Wednesday, July 24, 2013

Why Teacher Tenure Is Important.












In today's New York Daily News there is a sympathetic piece about a teacher who was pressured to resign from his $75,000 per year teaching position because he was seen with his shirt off.  The article shows a very ripped Stefan Serie who explained that he was an extra on a Bravo show Jewish-American Princesses and at a "pool party" he was seen with his shirt off.  According to Mr. Serie he was summoned a week later and told that his pending tenure will be revoked and told to resign, which is what he did.

What gets me is that many after school sports activities on school grounds will have male athletes practicing without their shirts.  This is called "shirts and skins".  Even female athletes will go with "sports bras" in real hot weather.  Yet this suburban school district decided to terminate Mr. Sire for simply not having his shirt on at a televised "pool party".  Unbelievable.

Interestingly, Mr. Sire is an eight year teaching veteran and untenured which is a major problem when  it comes to Long Island schools.  These school districts are notorious for hiring teachers for a year or two and not give them tenure.  Therefore, the teacher probably had been teaching in other school districts and finally found one willing to give him tenure.

Why did the School District deny tenure to Mr. Sire on such an innocence action by him?  It's because they can!  Tenure is important because it protects teacher from frivolous actions by school administration and false  accusations by vindictive students.  This disgusting action is just another example why tenure is important for teachers.,  In this case one person saw a problem with it and the poor guy now has no job.

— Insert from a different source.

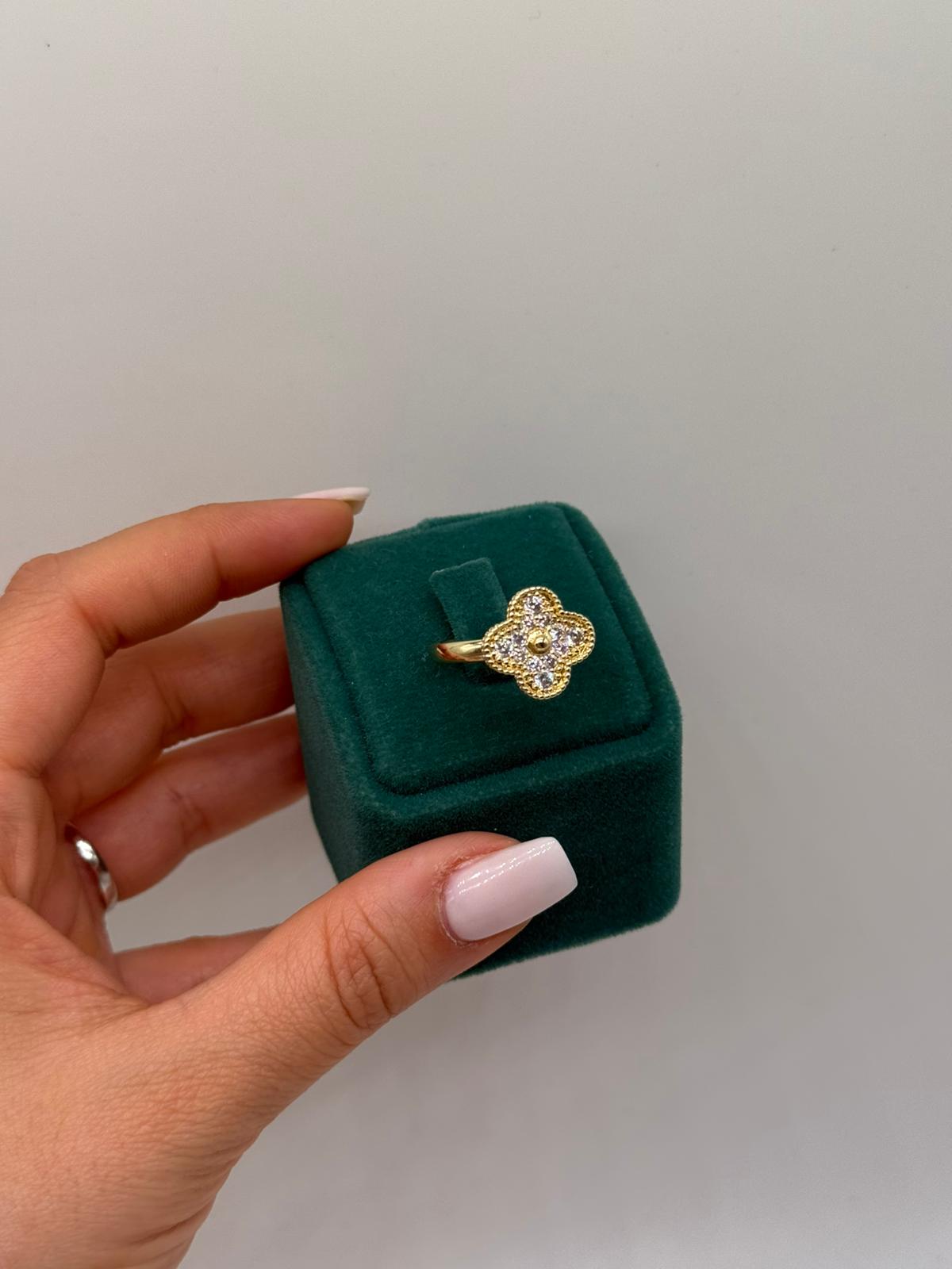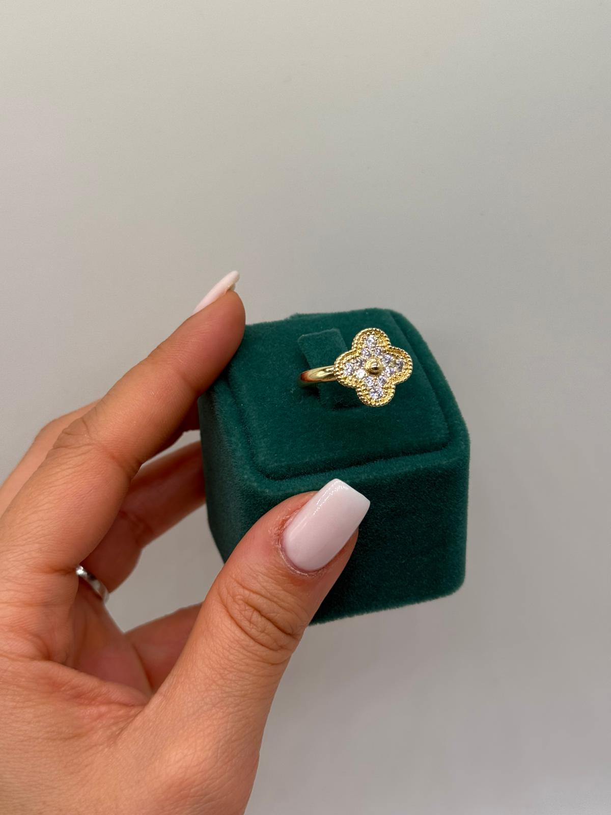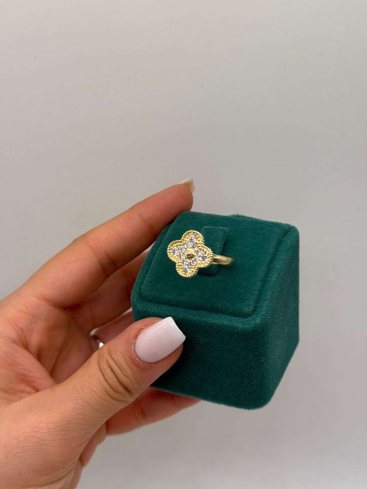 Şans ve zarafeti simgeleyen dört yaprak formu ile tasarlanan bu yüzük, ince işçiliği ve ışıltılı taş detaylarıyla öne çıkar. Altın renk kaplaması sayesinde klasik ve modern tarzı bir arada sunar. Günlük kullanıma uygun olduğu gibi özel kombinlerde de şıklığınızı tamamlayan zarif bir aksesuardır.

That is why teachers cannot allow one person who does not know the facts to decide the fate of a teacher.  Like giving the clueless Dennis Walcott the right to terminate teachers accused of "sexual misconduct" without real evidence and the equally clueless Campbell Brown that cannot even get her facts straight when it comes to how independent arbitration and "due process" works.

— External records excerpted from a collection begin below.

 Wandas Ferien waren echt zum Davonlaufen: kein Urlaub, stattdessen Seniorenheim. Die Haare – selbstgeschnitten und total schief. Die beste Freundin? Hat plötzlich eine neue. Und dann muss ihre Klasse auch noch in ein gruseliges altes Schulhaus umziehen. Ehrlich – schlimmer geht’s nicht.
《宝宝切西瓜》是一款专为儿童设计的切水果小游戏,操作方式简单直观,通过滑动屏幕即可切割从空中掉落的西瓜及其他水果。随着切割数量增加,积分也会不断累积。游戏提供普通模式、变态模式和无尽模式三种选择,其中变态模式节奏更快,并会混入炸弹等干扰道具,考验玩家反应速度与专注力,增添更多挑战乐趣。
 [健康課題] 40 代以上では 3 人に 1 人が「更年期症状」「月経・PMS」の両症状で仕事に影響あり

See nyc educator blog for another take about this story.

2 comments:

Anonymous said...

It will be very interesting to see the number of NYC teachers who were denied tenure/had probation extended at the end of this summer. I bet that Bloomie put out the word to superintendents to deny tenure in massive numbers as this is his last chance to screw as many teachers as possible. Lastly, this article does show that tenure is still very important even in the era of VAM/junk science which will screw more teachers than tenure related events such as in this story.

Anonymous said...

What is your take on what Randi said the other day about bad teachers? Isn't this hypocritical of her to say this when she was barely a classroom teacher herself?